*Your instructions*: Retype every line from the start of the entries below down to the line with "- 에스엠 (120,800원", both ends included; skip the pictures.

>>

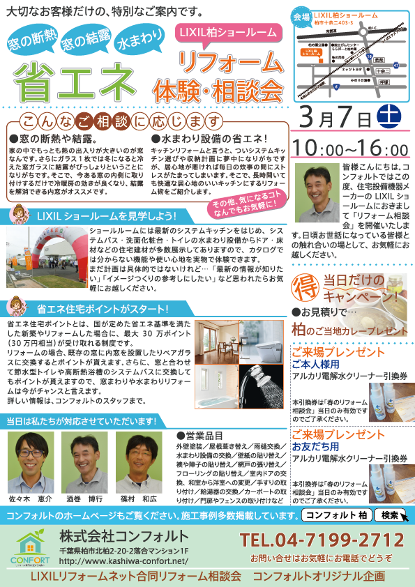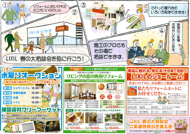 春のリフォーム相談会は、柏市近郊のLIXILリフォームネット登録店が集まった合同リフォーム相談会です。
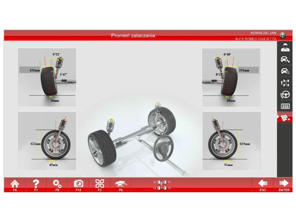 Zariadenie vykoná potrebné merania bez potreby zdvihnutia vozidla – šetrí čas a zjednodušuje proces. -
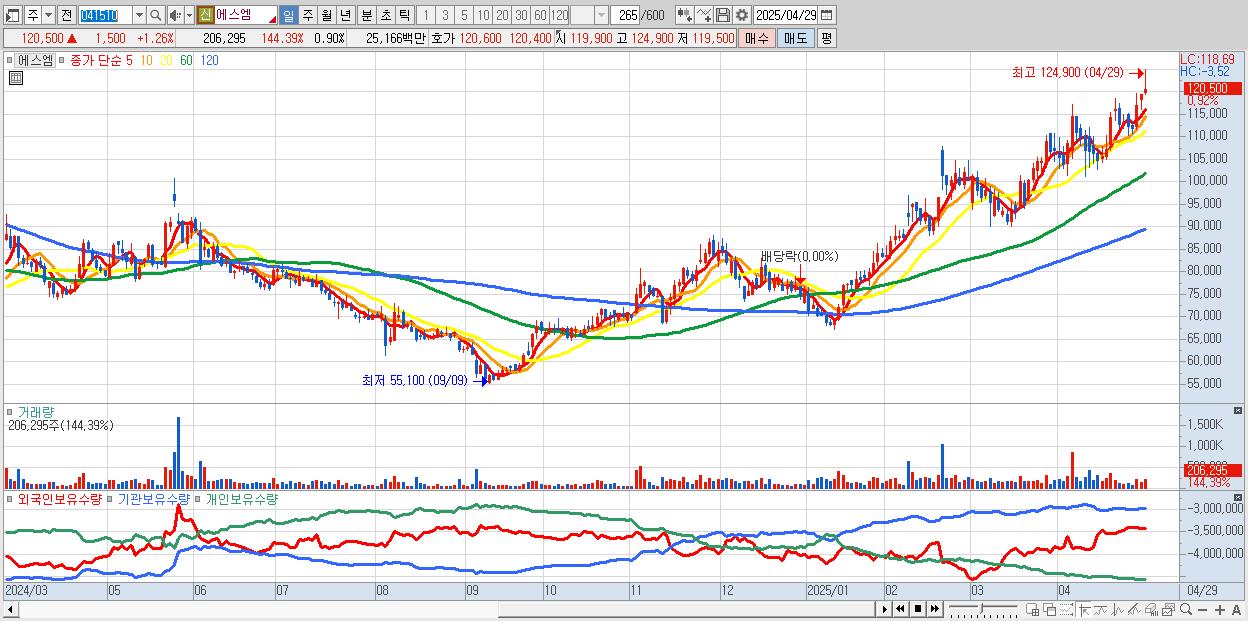 - 에스엠 (120,800원 ▲ 1.51% , 시총: 27,657억, 거래량: 157,616, 거래대금:192억, KOSDAQ)
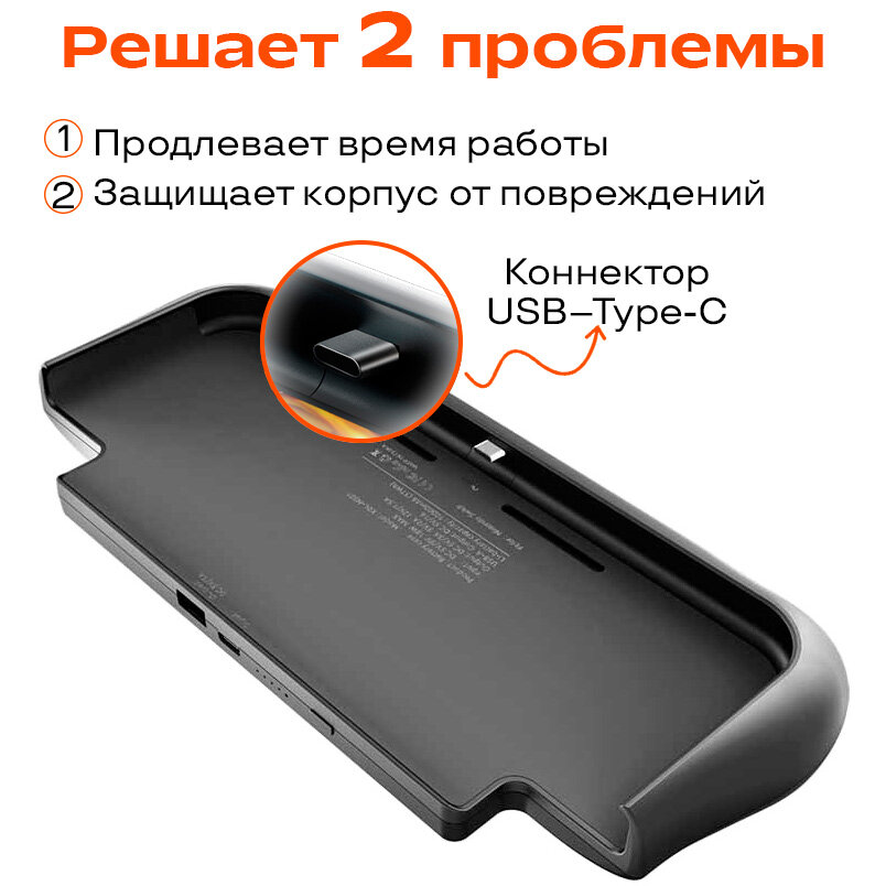 Особенности чехла-аккумулятора InnoZone Решает две проблемы Чехол-аккумулятор InnoZone – это аксессуар для Nintendo Switch, который решает сразу две головные боли: продлевает время работы игровой консоли и защищает ее корпус от повреждений. Стильный дизайн, тонкий корпус и приятная на ощупь поверхность – первое, что бросается в глаза. Выглядит он как обычный чехол-накладка, но внутри него спрятан встроенный коннектор USB Type-C. Защищает и не мешает Чехол закрывает заднюю крышку и торцы Switch вместе с надетыми контроллерами Joy-Con. Он совершенно не мешает полноценно пользоваться игровой консолью и отлично защищает ее от повреждений при случайных незначительных ударах. Настольная подставка На задней стороне чехла спрятана откидная подставка, которая позволяет ставить игровую консоль на горизонтальную поверхность под удобным для просмотра углом. В сложенном виде она ни за что не цепляется и не мешает комфортному использованию гаджета. Под откидной поставкой сделан отсек для хранения карт памяти. На 140% больше энергии Емкость аккумулятора чехла InnoZone составляет 10000 мАч. Это дает игровой консоли дополнительно 140% заряда. Такой запас поможет вам значительно продлить свое игровое время. Простой в использовании Чтобы начать зарядку, надо вставить Nintendo Switch внутрь и нажать кнопку на торцевой стороне чехла. Вам не понадобится ничего настраивать и устанавливать. Кроме того, от этого чехла-аккумулятора можно заряжать и другие мобильные устройства. Для этого на торцевой части расположен USB выход. Показывает текущий уровень заряда Рядом с кнопкой питания находятся четыре светодиода. После нажатия на кнопку они загораются белым цветом. По их количеству вы сможете оценить, сколько энергии осталось в чехле. Одна лампочка соответствует 25% и менее. Технические характеристики чехла-аккумулятора InnoZone Входное напряжение: 5, 9 В Входная мощность: 18 Вт (max) Выходные напряжение/ток: 5 В/3 А, 9 В/2 А, 12 В/1.5 А Тип аккумулятора: литиевый Емкость аккумулятора: 10000 мАч Материалы: ABS-пластик, PC-поликарбонат Совместимые модели: Nintendo Switch Nintendo Switch OLED Размеры: 265.8x112.1x38 мм Вес: 377 г
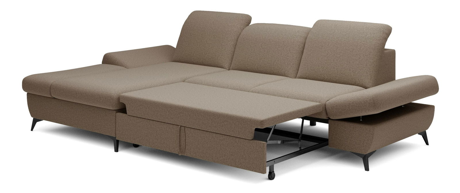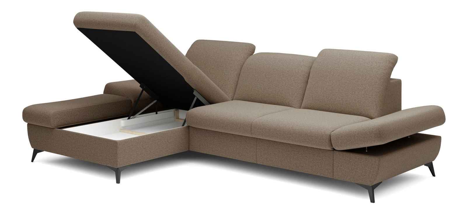 ZobrazitRohová sedačka je vyrobena z kvalitní konstrukce ze dřeva a dřevotřísky, což zaručuje pevnost a trvanlivost. Sedák je z PUR pěny a pružin, které poskytují maximální pohodlí při sezení. Sedačka je rozkládací a nabízí plochu na spaní o rozměrech 128 x 245 cm, ideální pro hosty nebo pro příležitostné přespání. Výška sezení je 42 cm, hloubka sezení 60 cm a výška područky lze nastavit od 42 cm do 57 cm, což umožňuje individuální nastavení podle potřeb uživatele. Sedačka disponuje úložným prostorem, kde můžete uschovat ložní prádlo nebo jiné věci. Hřbet sedačky je potažen stejnou látkou, čímž se dosahuje jednotného a elegantního vzhledu. Nastavitelné opěrky hlavy a područky zvyšují komfort sezení. Nožičky jsou kovové o výšce 10 cm, což dodává sedačce moderní vzhled a stabilitu. Typ rozkládání je vozík, což umožňuje snadné a rychlé rozkládání sedačky.
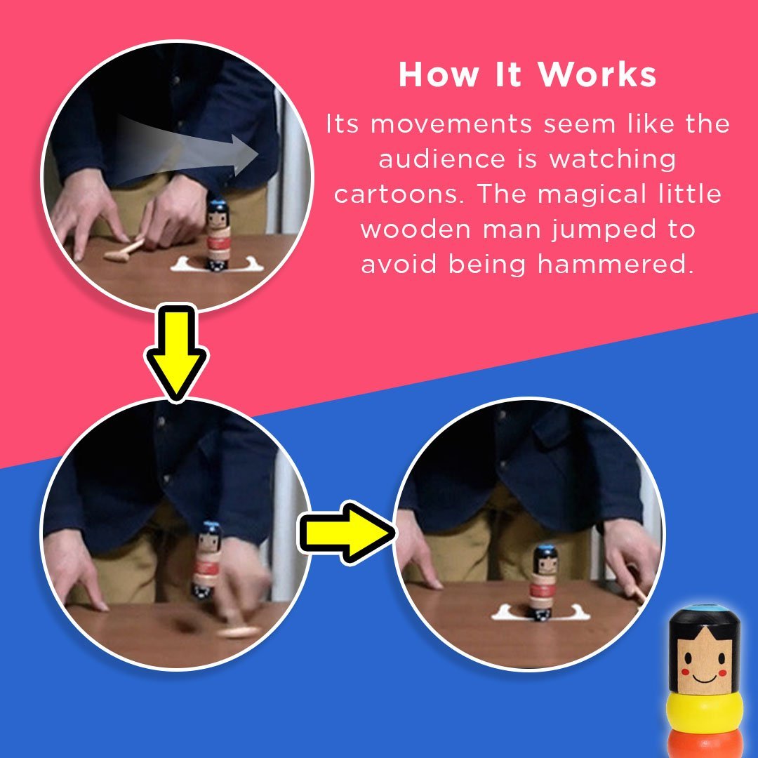 So funktioniert’s: Mit Hammer umklopfen, dann zieht der unsichtbare Faden – und der Holzmann steht wieder auf! Für die perfekte Illusion: 1,5 m Abstand halten & dunkle Kleidung tragen.
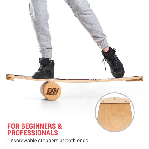 Jakość, którą widzisz i czujesz: platforma balansowa Indoorboard Curved marki BoarderKING została zaprojektowana i wyprodukowana w Niemczech. Składa się z dziesięciu warstw drewna klonowego, które zapewniają mu niezwykle wysoką stabilność i elastyczność. Powierzchnia jest szorstka dla lepszego utrzymania się na platformie. Stopery na końcach deski pomagają początkującym w ćwiczeniach trików, a profesjonaliści mogą je po prostu odkręcić. Aby można było od razu rozpocząć trening, w zestawie znajduje się antypoślizgowa, zwijana mata korkowa o wymiarach 66 x 183 cm i łatwy do ćwiczeń dla początkujących wałek korkowy o wymiarach 10 x 40 cm. Korek pochodzi ze zrównoważonych upraw w Portugalii. Wszystkie części zestawu zostały wykonane w procesie produkcji zasilanej energią słoneczną.

<<

*Answer for the task*:
 春のリフォーム相談会は、柏市近郊のLIXILリフォームネット登録店が集まった合同リフォーム相談会です。
 Zariadenie vykoná potrebné merania bez potreby zdvihnutia vozidla – šetrí čas a zjednodušuje proces. -
 - 에스엠 (120,800원 ▲ 1.51% , 시총: 27,657억, 거래량: 157,616, 거래대금:192억, KOSDAQ)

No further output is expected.